EXERCISE GOAL.
When a picture appears in the listing, leave it out and copy the rest exactly as it stands.

(DATA BELOW begins)

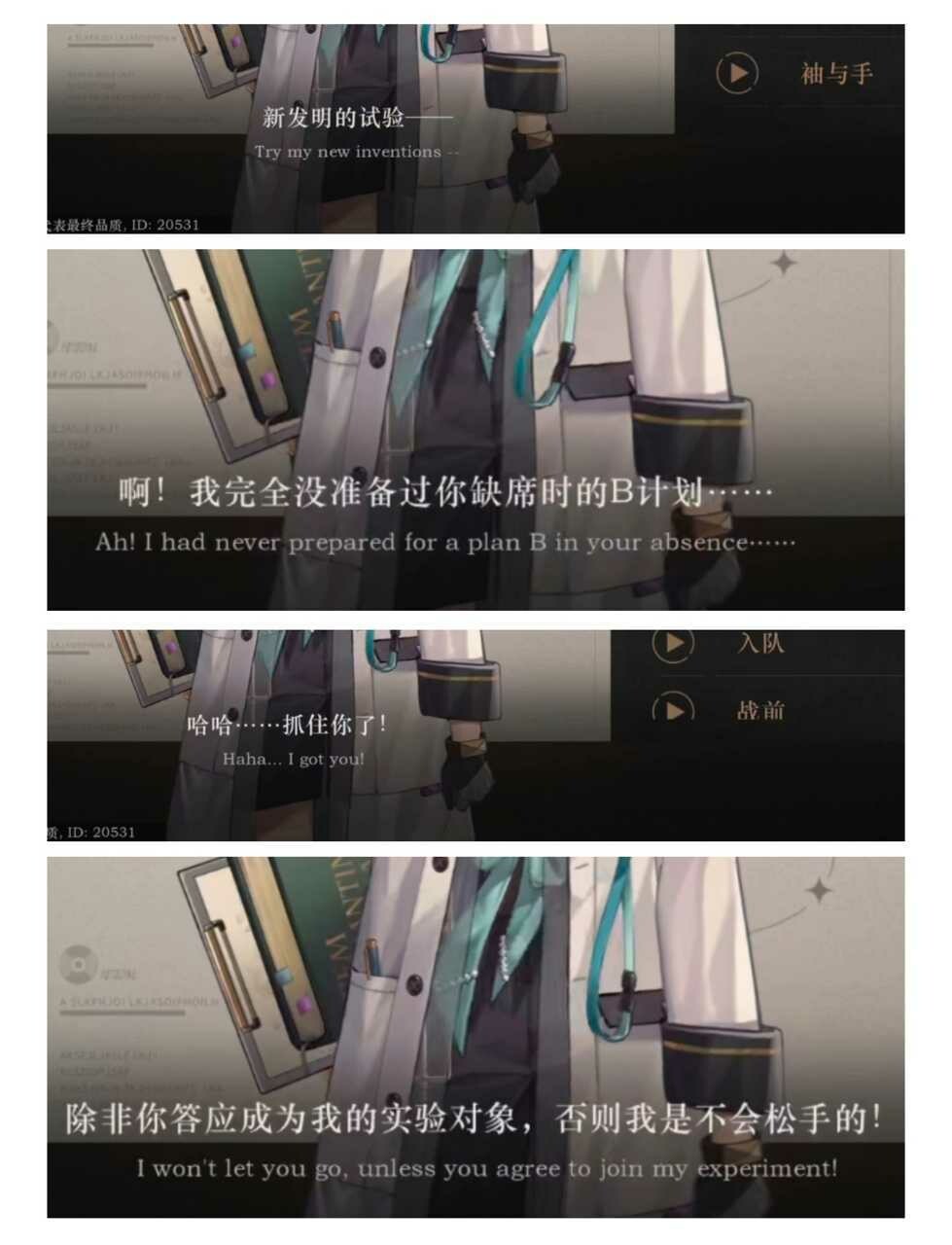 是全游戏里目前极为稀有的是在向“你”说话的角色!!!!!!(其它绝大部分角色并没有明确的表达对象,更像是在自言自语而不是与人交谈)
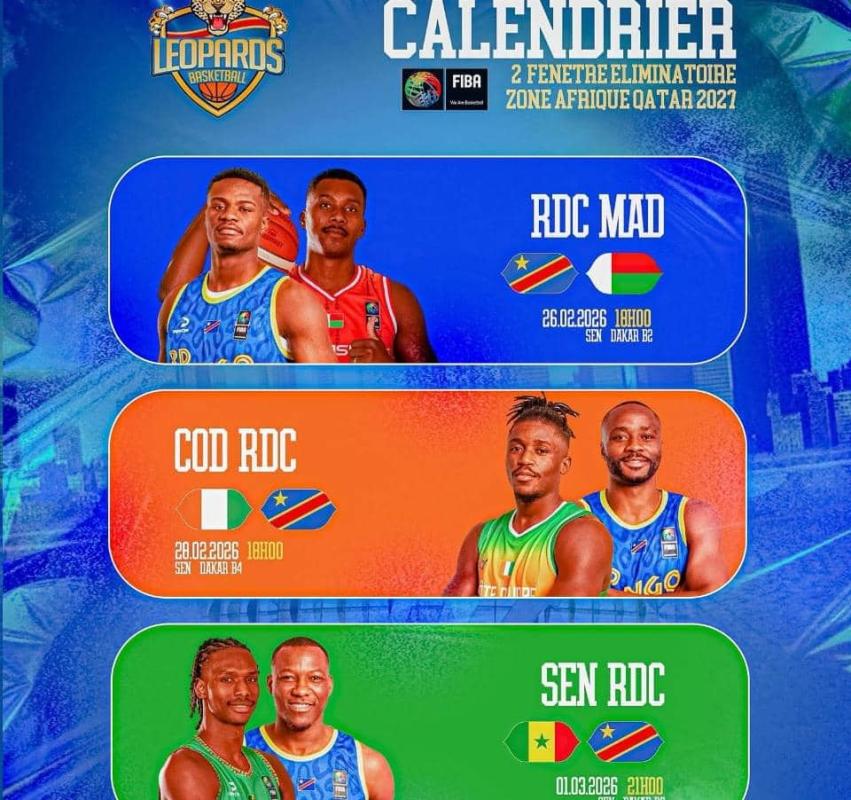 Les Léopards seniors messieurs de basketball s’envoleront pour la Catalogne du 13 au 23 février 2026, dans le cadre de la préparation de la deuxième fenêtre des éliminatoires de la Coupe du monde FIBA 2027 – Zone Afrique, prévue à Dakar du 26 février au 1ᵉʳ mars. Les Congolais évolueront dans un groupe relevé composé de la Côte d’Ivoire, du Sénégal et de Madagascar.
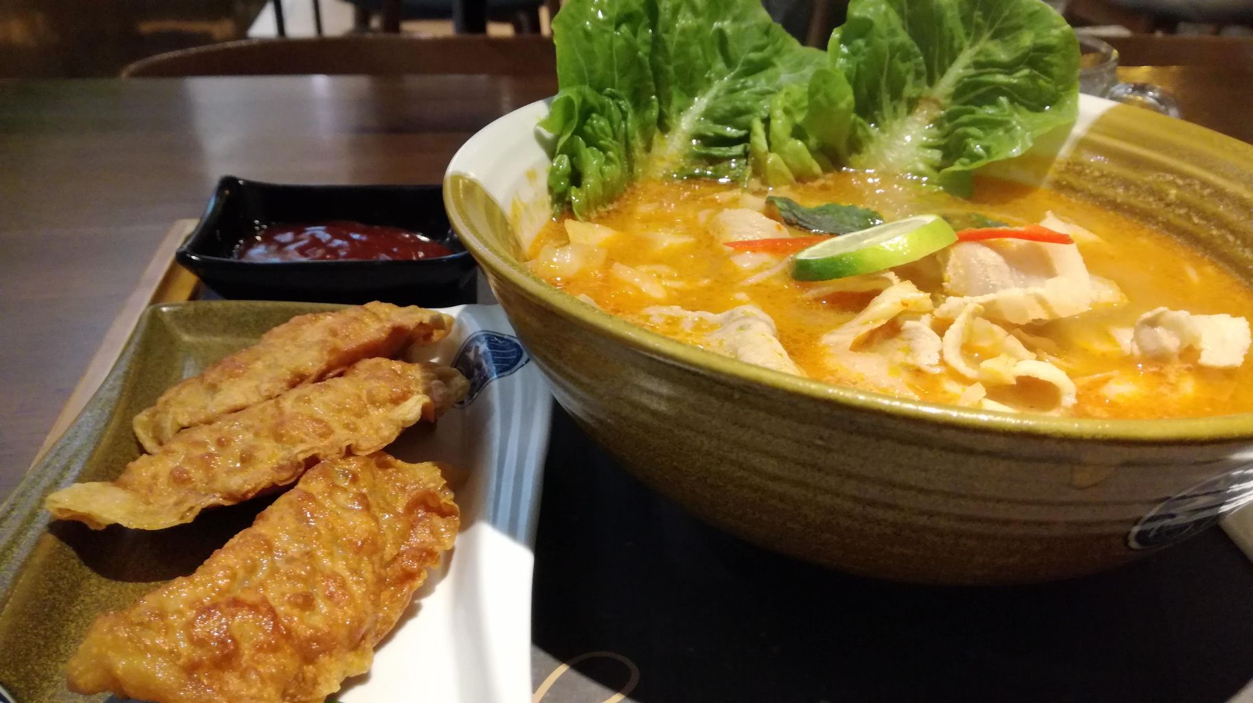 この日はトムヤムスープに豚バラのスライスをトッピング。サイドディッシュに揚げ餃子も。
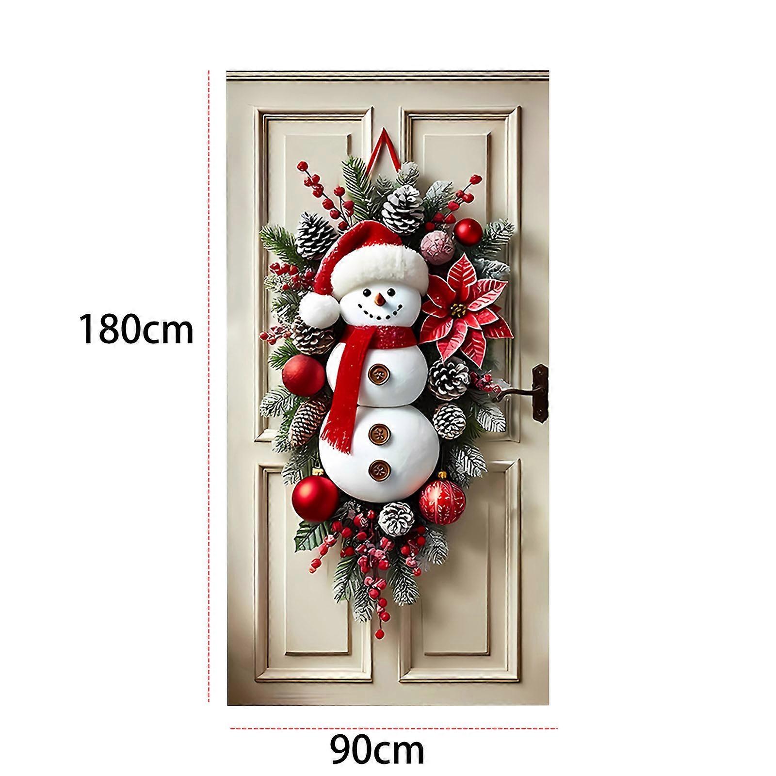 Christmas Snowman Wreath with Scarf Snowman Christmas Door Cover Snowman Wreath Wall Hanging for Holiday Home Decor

(DATA BELOW ends)

TASK SOLUTION.
 是全游戏里目前极为稀有的是在向“你”说话的角色!!!!!!(其它绝大部分角色并没有明确的表达对象,更像是在自言自语而不是与人交谈)
 Les Léopards seniors messieurs de basketball s’envoleront pour la Catalogne du 13 au 23 février 2026, dans le cadre de la préparation de la deuxième fenêtre des éliminatoires de la Coupe du monde FIBA 2027 – Zone Afrique, prévue à Dakar du 26 février au 1ᵉʳ mars. Les Congolais évolueront dans un groupe relevé composé de la Côte d’Ivoire, du Sénégal et de Madagascar.
 この日はトムヤムスープに豚バラのスライスをトッピング。サイドディッシュに揚げ餃子も。
 Christmas Snowman Wreath with Scarf Snowman Christmas Door Cover Snowman Wreath Wall Hanging for Holiday Home Decor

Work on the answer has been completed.